Live Painting  from Silent auction

Harmonic Hills of Hope
by David C. Jackson

“Harmonic Hills of Hope” | Acrylic on Canvas | 24x30”


I decided to title this piece “Harmonic Hills of Hope” as it was inspired by the 2nd Annual Granby Celebrates Juneteenth event.


This year I zoomed outside of one flower to create a field of them. I included the tobacco flower which represents the industry in which many people of color worked the fields for. They are mixed in with African violets which symbolize devotion, commitment, and faithfulness. The combination shows the strain of our past and the need to commit to bettering our future. In essence, we remember the pain, recognize it, and then aim for our best in an honest way. 

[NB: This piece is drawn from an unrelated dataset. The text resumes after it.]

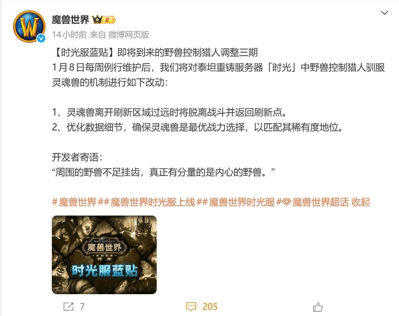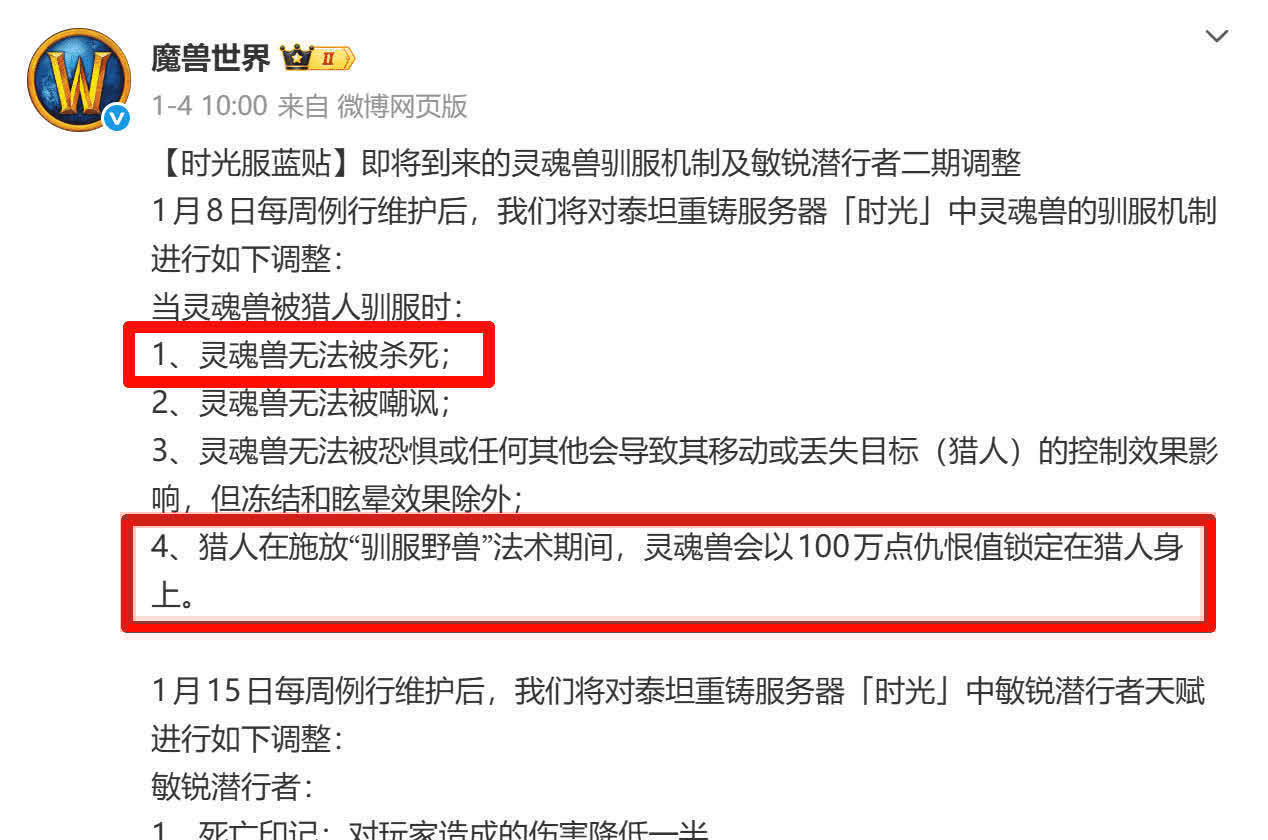 估摸这轮魔兽寰宇时光服针对猎东谈主工作的改变大约已完成。在这次改变中,系数宠物齐赢得了对等参预副本的资历,在此基础上,灵魂兽又得到了一项出奇加强。农工认为这既在预念念除外开云(中国)Kaiyun·体育官方网站-登录入口,又在根由之中,毕竟灵魂兽的获取门槛高于其他宠物,赐与一定出奇优待也无可厚非。但是,官方似乎我方打了脸,那么这次究竟改了些什么呢?

The flowers are clustered until they disperse closer to eclipse. This demonstrates freedom. The two sets of prayer hands are rooted in this spirit. The open palms are depicted as Islamic prayer position whereas the palm-to-palm hands are positioned for usual Christian prayer. Regardless of specified belief, the very presence of faith means hope and betterment. 


The sky is intertwined with the ground to create a feeling of oneness. They are folded into each other to create rich layers of beauty taking into consideration our turning tides as humans. There are approximately 50 stars illuminating, leading us to the rare eclipse. The cosmic convergence is surrounded by a heart shaped light that drifts into the night. The thought is to make this unity a more recognizable occurrence. Various beliefs can be aligned to seize what’s most important ~ our faith within each other as beautiful beings sharing this same planet.